• What is being asked:
Repeat the data that follows, word for word, without the images.

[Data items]
┌──

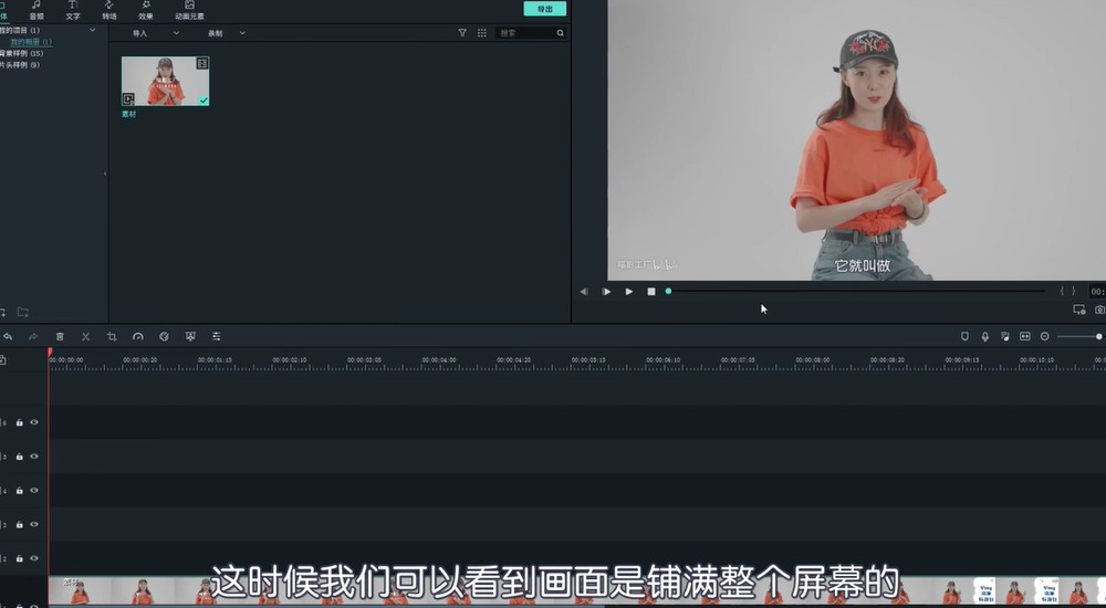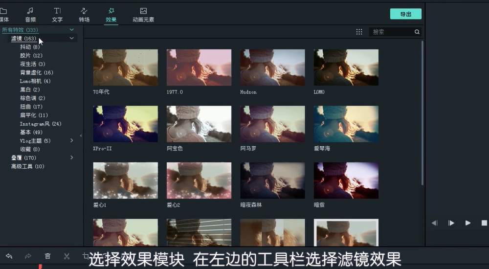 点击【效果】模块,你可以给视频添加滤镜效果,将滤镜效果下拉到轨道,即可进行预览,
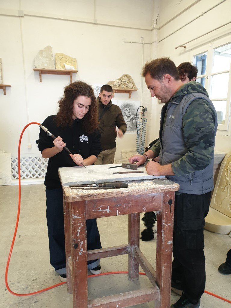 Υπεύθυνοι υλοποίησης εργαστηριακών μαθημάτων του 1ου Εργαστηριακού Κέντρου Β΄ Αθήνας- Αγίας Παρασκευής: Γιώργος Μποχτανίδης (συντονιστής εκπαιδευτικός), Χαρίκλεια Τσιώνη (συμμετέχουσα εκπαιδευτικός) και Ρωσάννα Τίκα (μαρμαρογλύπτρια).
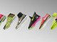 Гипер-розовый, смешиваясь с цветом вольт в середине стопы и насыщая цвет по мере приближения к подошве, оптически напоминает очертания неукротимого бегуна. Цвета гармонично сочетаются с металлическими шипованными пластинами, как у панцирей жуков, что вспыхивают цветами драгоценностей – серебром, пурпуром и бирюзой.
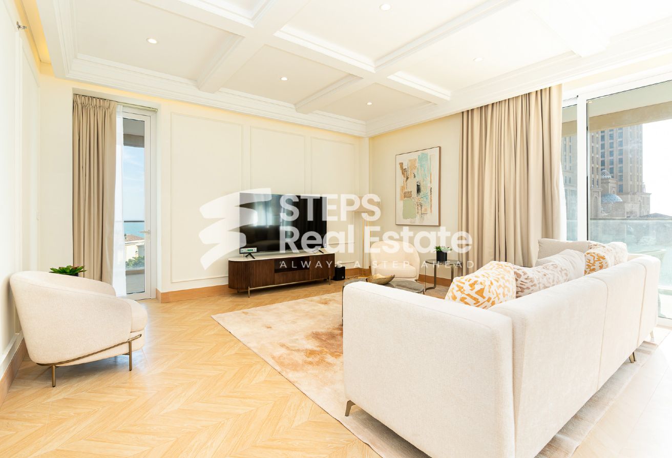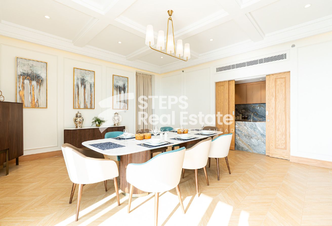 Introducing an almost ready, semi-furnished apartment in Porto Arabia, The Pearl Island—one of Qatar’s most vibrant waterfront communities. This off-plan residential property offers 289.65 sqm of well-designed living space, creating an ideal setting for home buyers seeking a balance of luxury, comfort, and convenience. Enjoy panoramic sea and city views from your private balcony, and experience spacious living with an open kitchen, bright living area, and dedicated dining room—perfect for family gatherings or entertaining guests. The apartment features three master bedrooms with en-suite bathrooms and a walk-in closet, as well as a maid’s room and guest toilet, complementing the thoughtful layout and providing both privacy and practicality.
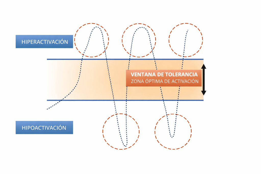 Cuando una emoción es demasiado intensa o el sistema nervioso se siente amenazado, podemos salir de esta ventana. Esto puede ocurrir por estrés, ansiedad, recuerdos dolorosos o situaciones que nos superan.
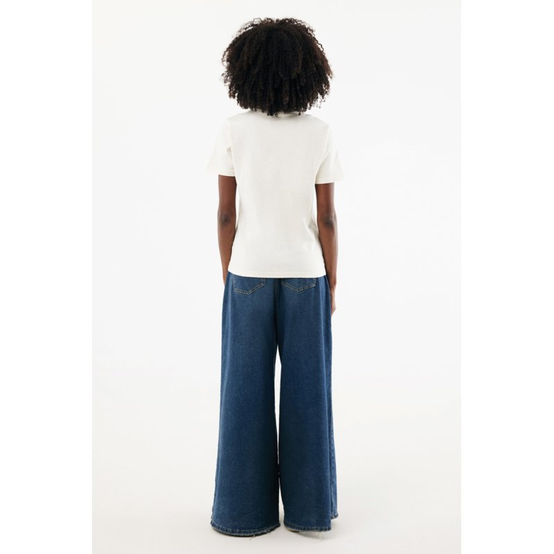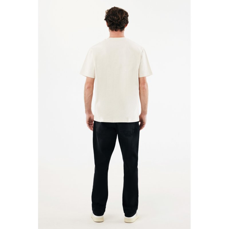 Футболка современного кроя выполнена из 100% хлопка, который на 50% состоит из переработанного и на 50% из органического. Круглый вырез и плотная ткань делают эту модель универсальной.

└──

• Result below:
 点击【效果】模块,你可以给视频添加滤镜效果,将滤镜效果下拉到轨道,即可进行预览,
 Υπεύθυνοι υλοποίησης εργαστηριακών μαθημάτων του 1ου Εργαστηριακού Κέντρου Β΄ Αθήνας- Αγίας Παρασκευής: Γιώργος Μποχτανίδης (συντονιστής εκπαιδευτικός), Χαρίκλεια Τσιώνη (συμμετέχουσα εκπαιδευτικός) και Ρωσάννα Τίκα (μαρμαρογλύπτρια).
 Гипер-розовый, смешиваясь с цветом вольт в середине стопы и насыщая цвет по мере приближения к подошве, оптически напоминает очертания неукротимого бегуна. Цвета гармонично сочетаются с металлическими шипованными пластинами, как у панцирей жуков, что вспыхивают цветами драгоценностей – серебром, пурпуром и бирюзой.
 Introducing an almost ready, semi-furnished apartment in Porto Arabia, The Pearl Island—one of Qatar’s most vibrant waterfront communities. This off-plan residential property offers 289.65 sqm of well-designed living space, creating an ideal setting for home buyers seeking a balance of luxury, comfort, and convenience. Enjoy panoramic sea and city views from your private balcony, and experience spacious living with an open kitchen, bright living area, and dedicated dining room—perfect for family gatherings or entertaining guests. The apartment features three master bedrooms with en-suite bathrooms and a walk-in closet, as well as a maid’s room and guest toilet, complementing the thoughtful layout and providing both privacy and practicality.
 Cuando una emoción es demasiado intensa o el sistema nervioso se siente amenazado, podemos salir de esta ventana. Esto puede ocurrir por estrés, ansiedad, recuerdos dolorosos o situaciones que nos superan.
 Футболка современного кроя выполнена из 100% хлопка, который на 50% состоит из переработанного и на 50% из органического. Круглый вырез и плотная ткань делают эту модель универсальной.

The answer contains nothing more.